Only one stretch of the records below should be repeated. It starts with the line containing "關(guān)于發(fā)布" and goes on through the line containing "A white asymmetric", exactly as written.
Provided records Start Marker
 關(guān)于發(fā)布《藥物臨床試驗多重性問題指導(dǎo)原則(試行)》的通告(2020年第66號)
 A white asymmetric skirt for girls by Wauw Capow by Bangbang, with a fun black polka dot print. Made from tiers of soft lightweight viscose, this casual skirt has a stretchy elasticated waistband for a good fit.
Provided records End Marker
Provided records Start Marker
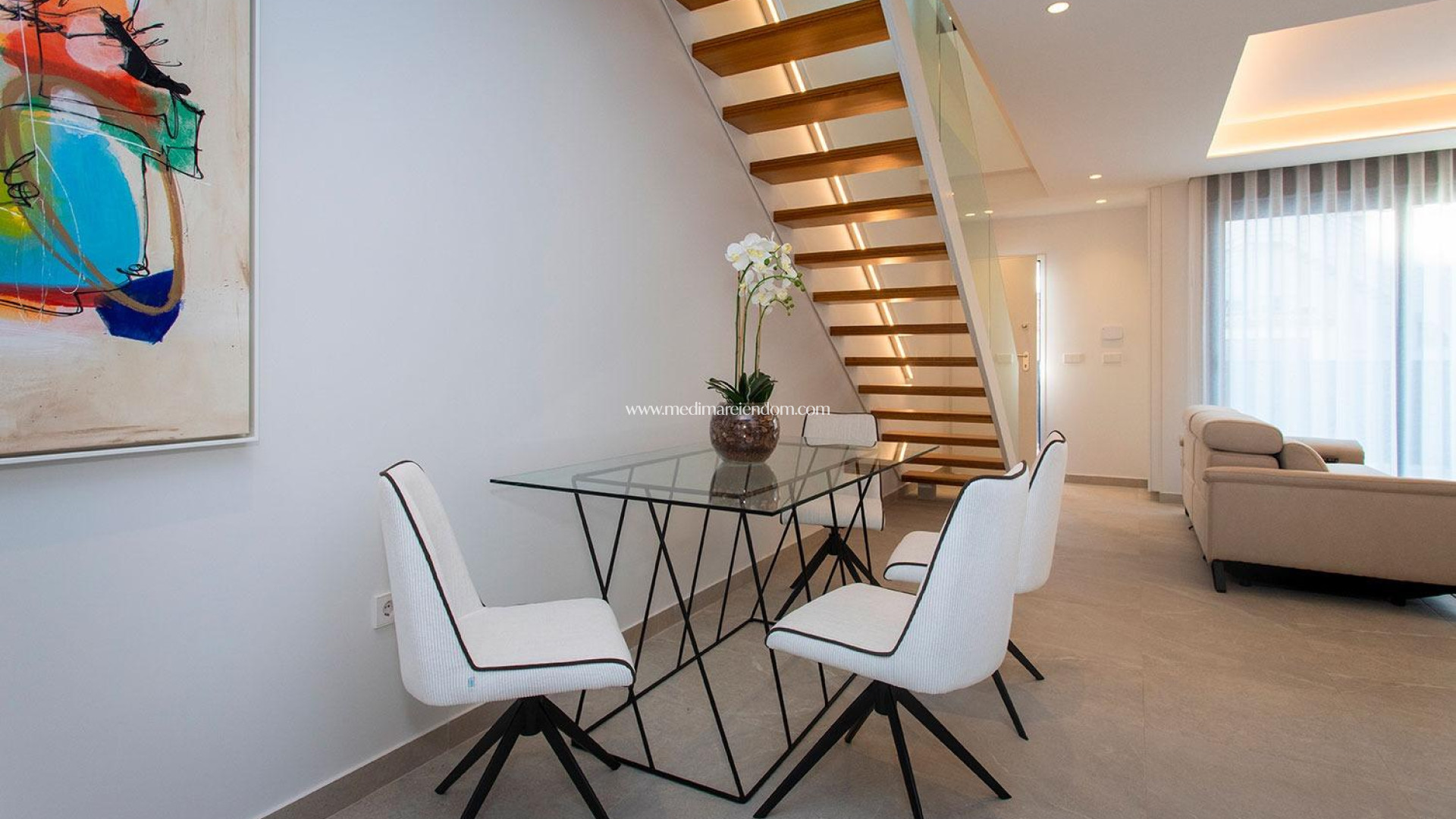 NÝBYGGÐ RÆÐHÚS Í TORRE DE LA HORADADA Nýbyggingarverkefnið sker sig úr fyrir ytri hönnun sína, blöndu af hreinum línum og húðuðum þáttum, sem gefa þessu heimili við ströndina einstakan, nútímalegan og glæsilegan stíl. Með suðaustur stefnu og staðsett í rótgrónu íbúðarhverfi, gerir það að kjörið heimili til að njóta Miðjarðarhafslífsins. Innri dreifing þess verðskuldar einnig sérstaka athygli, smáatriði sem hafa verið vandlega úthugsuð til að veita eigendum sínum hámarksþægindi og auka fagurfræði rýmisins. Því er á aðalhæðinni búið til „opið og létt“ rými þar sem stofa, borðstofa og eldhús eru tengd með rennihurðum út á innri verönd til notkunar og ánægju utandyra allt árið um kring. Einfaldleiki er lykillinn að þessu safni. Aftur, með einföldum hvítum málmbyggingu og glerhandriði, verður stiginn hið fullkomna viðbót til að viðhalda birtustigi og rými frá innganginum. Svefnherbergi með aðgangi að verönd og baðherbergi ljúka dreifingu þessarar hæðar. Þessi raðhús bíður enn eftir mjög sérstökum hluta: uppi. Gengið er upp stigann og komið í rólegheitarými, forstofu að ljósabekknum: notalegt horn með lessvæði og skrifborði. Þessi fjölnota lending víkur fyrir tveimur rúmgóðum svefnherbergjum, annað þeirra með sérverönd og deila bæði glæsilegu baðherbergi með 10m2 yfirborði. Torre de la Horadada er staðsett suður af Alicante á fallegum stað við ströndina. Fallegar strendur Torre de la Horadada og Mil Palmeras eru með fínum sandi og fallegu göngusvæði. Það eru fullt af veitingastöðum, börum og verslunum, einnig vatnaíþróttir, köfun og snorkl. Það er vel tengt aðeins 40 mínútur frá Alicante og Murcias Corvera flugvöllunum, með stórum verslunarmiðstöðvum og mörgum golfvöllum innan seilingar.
Provided records End Marker
Provided records Start Marker
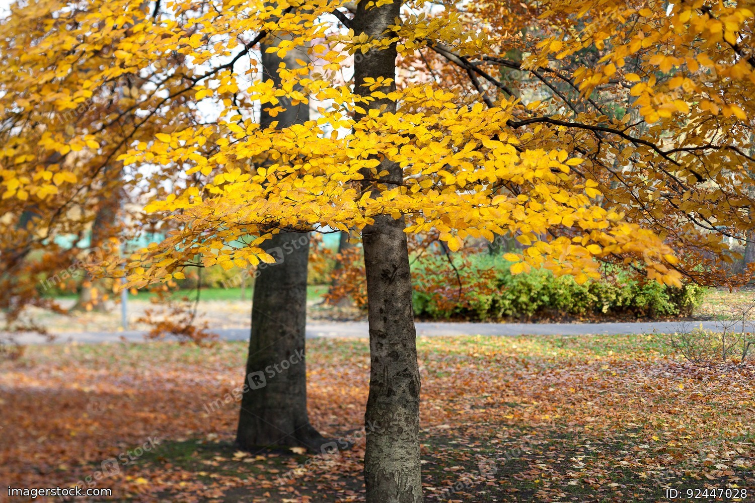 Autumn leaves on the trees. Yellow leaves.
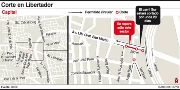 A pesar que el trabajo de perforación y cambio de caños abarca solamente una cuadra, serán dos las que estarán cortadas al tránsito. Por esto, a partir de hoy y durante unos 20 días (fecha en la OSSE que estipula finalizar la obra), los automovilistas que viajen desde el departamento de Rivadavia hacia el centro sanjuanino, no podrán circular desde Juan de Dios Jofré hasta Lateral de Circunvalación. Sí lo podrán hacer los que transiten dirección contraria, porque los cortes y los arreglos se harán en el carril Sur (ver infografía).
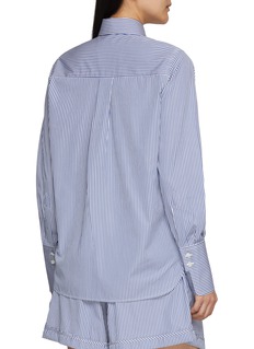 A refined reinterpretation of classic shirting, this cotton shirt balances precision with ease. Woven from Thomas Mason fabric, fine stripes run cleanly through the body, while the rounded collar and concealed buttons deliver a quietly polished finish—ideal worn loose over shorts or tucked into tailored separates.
Provided records End Marker
◆ Response:
 關(guān)于發(fā)布《藥物臨床試驗多重性問題指導(dǎo)原則(試行)》的通告(2020年第66號)
 A white asymmetric skirt for girls by Wauw Capow by Bangbang, with a fun black polka dot print. Made from tiers of soft lightweight viscose, this casual skirt has a stretchy elasticated waistband for a good fit.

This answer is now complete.